§ **WORK TO COMPLETE**
Instruction for the listing below: copy exactly, and only, the lines from the one holding "Mocassim feminino preto" through its last line, omitting any picture.

§ **EXERCISE DATA**
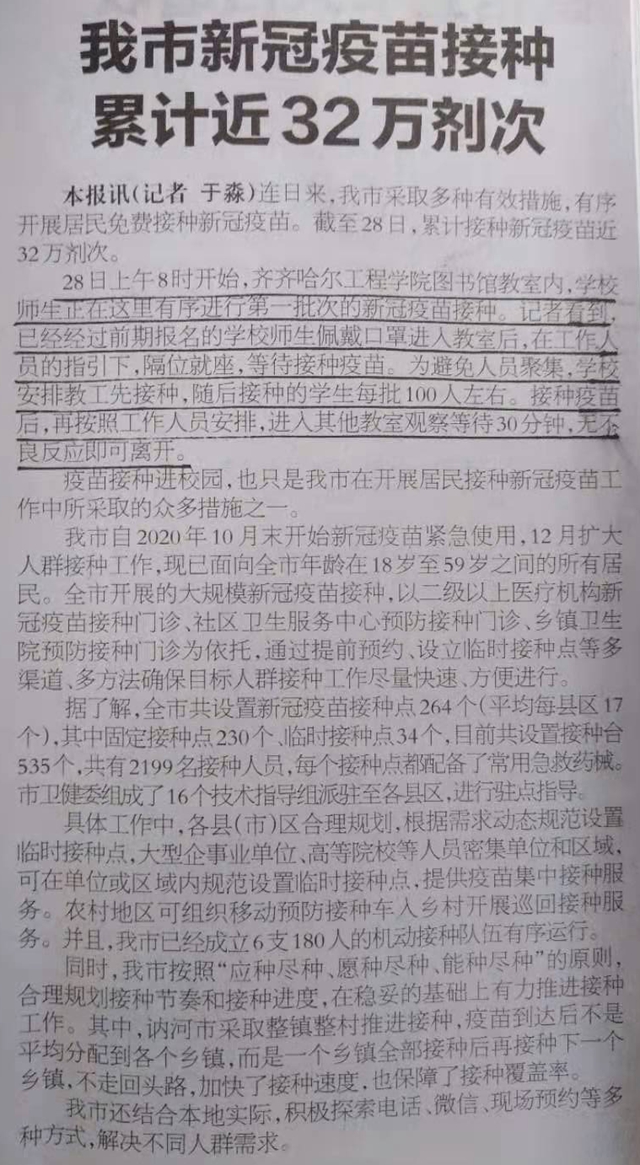 齐齐哈尔日报:我市新冠疫苗接种累计近32万剂次
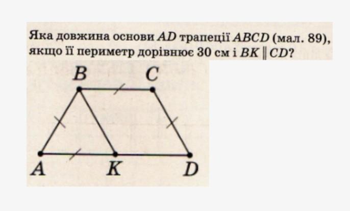 Яка довжина основи AD трапеції ABCD (мал. 89), якщо її периметр дорівнює 30 см i BK || CD? В с А K D
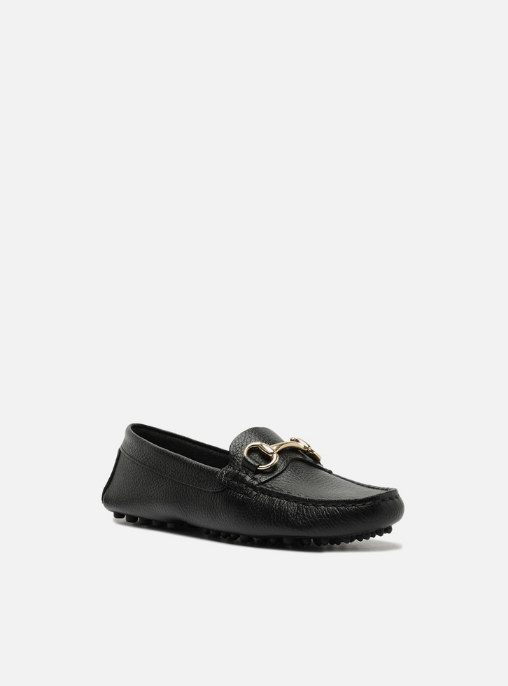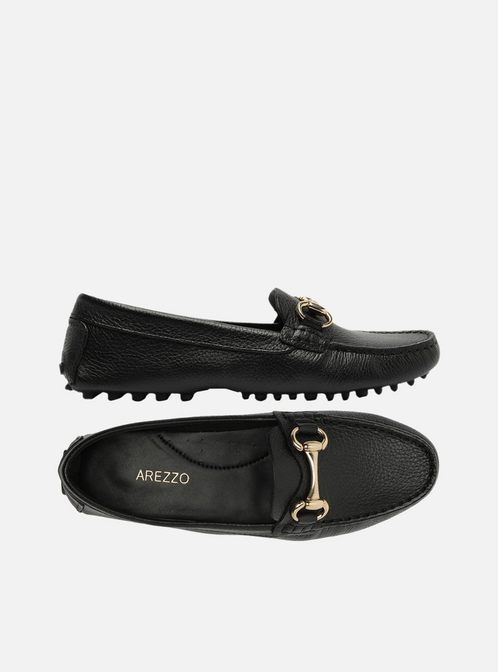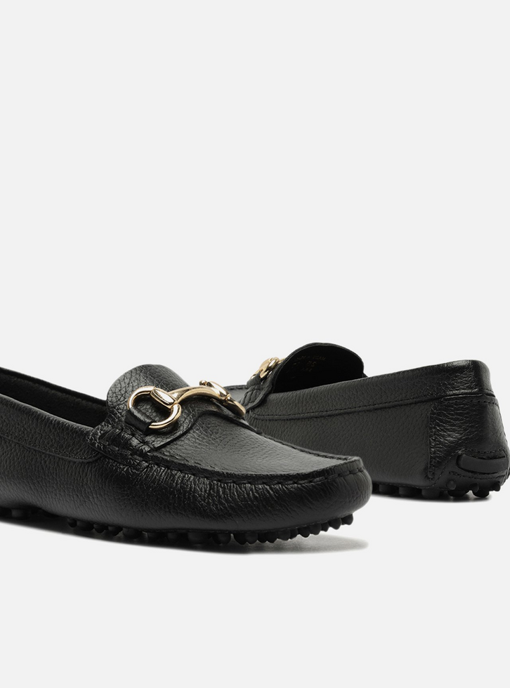 Mocassim feminino preto de couro. O sapato tem salto rasteiro e formato arredondado na ponta, além de sola emborrachada com travas. Fechado, traz recorte lateral na gáspea e aplicação de bridão metálico sobre o cabedal. Possui costura em pesponto no contorno da biqueira e sobreposição no calcanhar. Exibe toda a parte superior do pé.
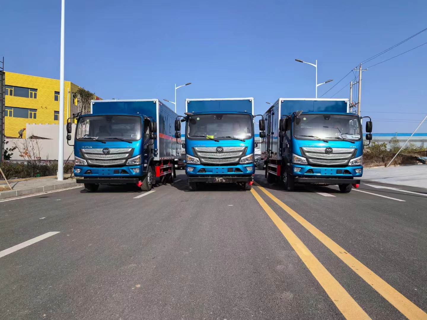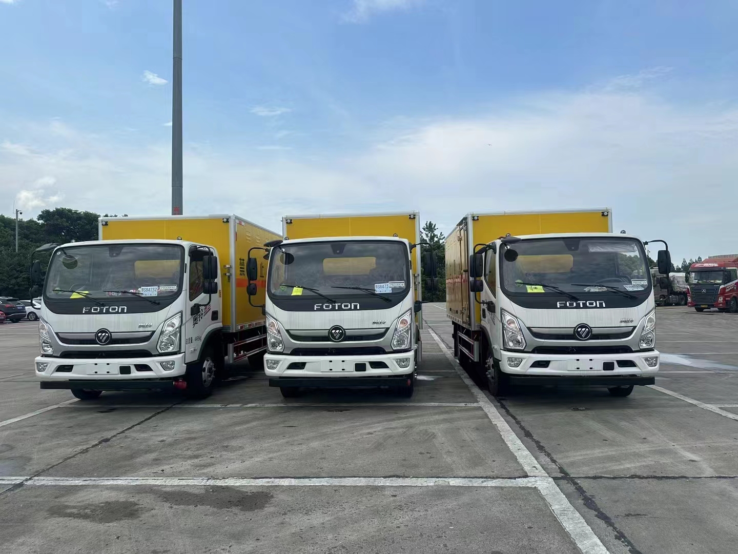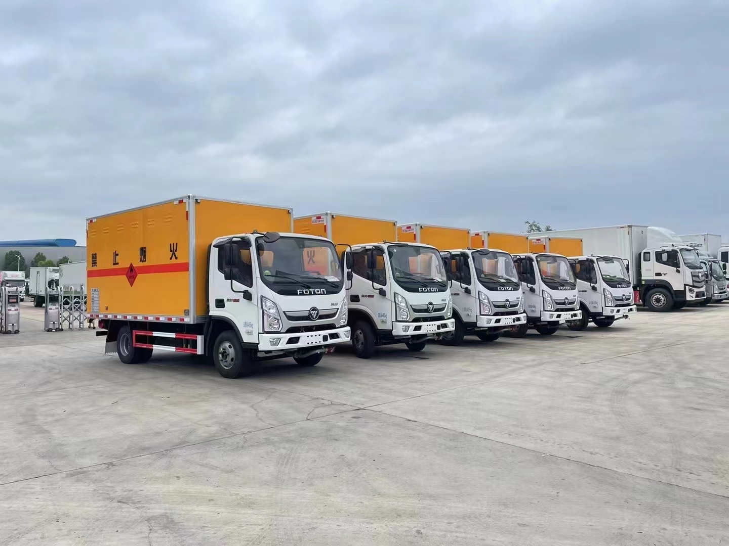 湖南李總訂購5臺福田歐馬可黃色危險品車

§ **OUTPUT OF THE EXERCISE**
 Mocassim feminino preto de couro. O sapato tem salto rasteiro e formato arredondado na ponta, além de sola emborrachada com travas. Fechado, traz recorte lateral na gáspea e aplicação de bridão metálico sobre o cabedal. Possui costura em pesponto no contorno da biqueira e sobreposição no calcanhar. Exibe toda a parte superior do pé.
 湖南李總訂購5臺福田歐馬可黃色危險品車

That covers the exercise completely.